Bahwa Judex Facti dalam pertimbangan hukum putusan perkara a quo halaman 59 sampai dengan halaman 62 menyatakan PHK terhadap Pemohon Kasasi (semula Para Penggugat) atas dasar hubungan tidak harmonis;
Bahwa alasan-alasan pekerja/buruh dapat di PHK telah jelas diatur dalam BAB XII Undang-Undang Nomor 13 Tahun 2003 tentang Ketenagakerjaan sebagai hukum materiil dari hukum ketenagakerjaan;
Bahwa alasan tidak harmonis sama sekali tidak terdapat dalam BAB XII Undang-Undang Nomor 13 Tahun 2003 tentang Ketenagakerjaan sebagai alasan pekerja/buruh dapat di PHK;
Bahwa Judex Facti perkara a quo mem PHK Pemohon Kasasi dengan alasan tidak harmonis berdasarkan petitum subsidair Termohon Kasasi yaitu ex aequo et bono, yang dalam hal ini telah salah dalam penerapannya karena alasan-alasan pekerja/buruh dapat di PHK telah diatur secara spesifik dan jelas dalam BAB XII Undang-Undang Nomor 13 Tahun 2003 tentang Ketenagakerjaan, membuat dampak yang sangat merugikan bagi Pemohon Kasasi (semula Para Penggugat) dan sangat tidak mencerminkan rasa keadilan;
Bahwa jelas dalam hal ini Judex Facti telah salah menerapkan hukum dengan menggunakan alasan atau dasar tidak harmonis sebagai dasar PHK bagi Pemohon Kasasi (semula Para Penggugat);
Bahwa Judex Facti telah salah menerapkan atau melanggar hukum yang berlaku, yaitu mengenal Penjelasan Umum Undang-Undang Nomor 2 Tahun 2004 tentang Penyelesaian Perselisihan Hubungan Industrial Tidak Dapat Menjadi Dasar PHK Bagi Pemohon Kasasi.

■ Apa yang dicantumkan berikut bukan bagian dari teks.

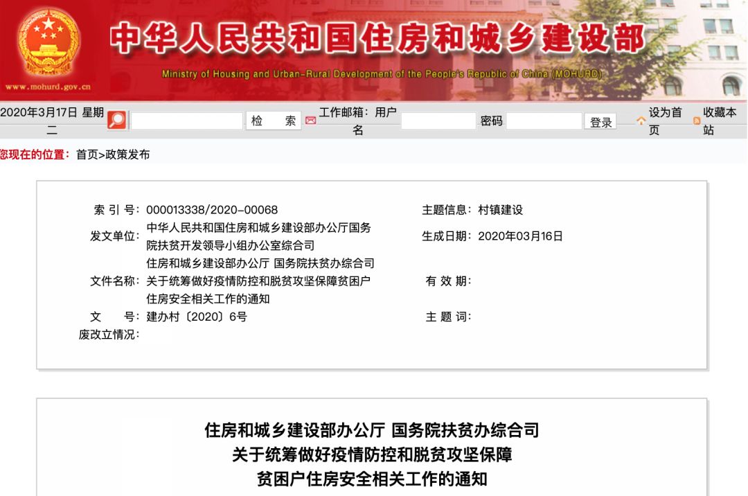 為貫徹落實習(xí)近平總書記在決戰(zhàn)決勝脫貧攻堅座談會及統(tǒng)籌推進(jìn)新冠肺炎疫情防控和經(jīng)濟(jì)社會發(fā)展工作部署會上的重要講話精神,深入落實黨中央、國務(wù)院脫貧攻堅決策部署,確保如期實現(xiàn)貧困戶住房安全有保障目標(biāo)任務(wù),現(xiàn)就統(tǒng)籌抓好新冠肺炎疫情防控和脫貧攻堅農(nóng)村危房改造相關(guān)工作通知如下。
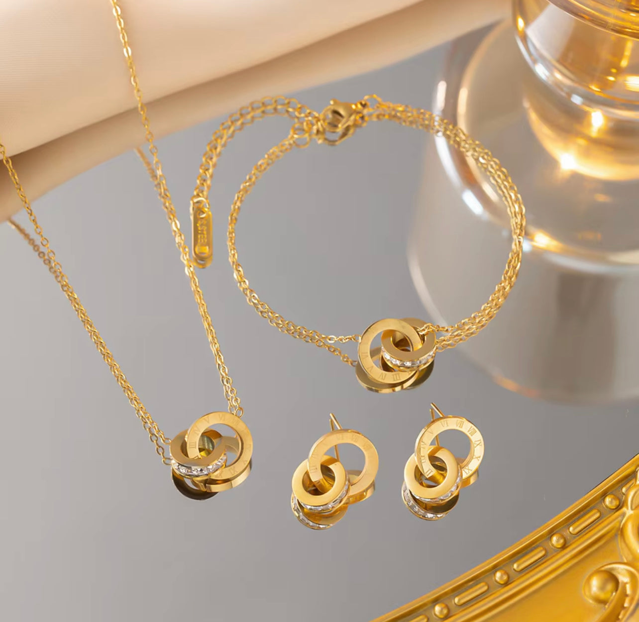 Premium Quality Stainless Steel 18k Roman Numerals Stone Studded 3pc Set

Bahwa Judex Facti pada halaman 60 paragraf 1 dalam pertimbangan hukum putusan perkara a quo menjadikan alinea ke III Penjelasan umum Undang-Undang Nomor 2 Tahun 2004 tentang Penyelesaian Perselisihan Hubungan Industrial sebagai dasar hukum untuk PHK bagi Pemohon Kasasi (semula Para Penggugat);
Bahwa Undang-Undang Nomor 2 Tahun 2004 tentang Penyelesaian Perselisihan Hubungan Industrial merupakan hukum formil/hukum acara dalam penyelesaian perselisihan hubungan industrial dan bukan merupakan hukum materiil/hukum substansi dalam ketenagakerjaan;
Bahwa hukum materiil/hukum substansi dalam ketenagakerjaan telah diatur dalam Undang-Undang Nomor 13 Tahun 2003 tentang Ketenagakerjaan terutama BAB XII yang mengatur secara jelas alasan-alasan pekerja/buruh dapat di PHK;
Bahwa hukum formil dalam hal ini Penjelasan umum Undang-Undang Nomor 2 Tahun 2004 tentang Penyelesaian Perselisihan Hubungan Industrial hanya mengatur mengenai tata cara atau prosedur dalam penyelesaian perselisihan hubungan industrial dan sama sekali tidak mengatur mengenai alasan pekerja/buruh dapat di PHK sehingga tidak dapat dijadikan dasar untuk mem PHK Pemohon Kasasi;
Bahwa terlebih Penjelasan umum Undang-Undang Nomor 2 Tahun 2004 tentang Penyelesaian Perselisihan Hubungan Industrial bukan merupakan norma melainkan hanyalah sebagai interpretasi dari norma yang ada yaitu Pasal-Pasal dalam Undang-Undang Nomor 2 Tahun 2004 tentang Penyelesaian Perselisihan Hubungan Industrial;
Bahwa oleh karena itu Penjelasan umum Undang-Undang Nomor 2 Tahun 2004 tentang Penyelesaian Perselisihan Hubungan Industrial tidak dapat dijadikan sebagai dasar untuk mem PHK Pemohon Kasasi;
Bahwa berdasarkan dalil argumentasi hukum tersebut di atas, jelas dalam hal ini Judex Facti telah salah menerapkan hukum dengan menggunakan hukum formil dalam hal ini Penjelasan umum Undang-Undang Nomor 2 Tahun 2004 tentang Penyelesaian Perselisihan Hubungan Industrial sebagai dasar PHK bagi Pemohon Kasasi (semula Para Penggugat);
Bahwa Judex Facti telah salah menerapkan atau melanggar hukum yang berlaku, yaitu mengenal Putusan MA Nomor 700 K/Pdt.Sus/2011 dan Putusan MA Nomor 299 K/Pdt.Sus/2012 tidak dapat dijadikan dasar dalam memutus PHK.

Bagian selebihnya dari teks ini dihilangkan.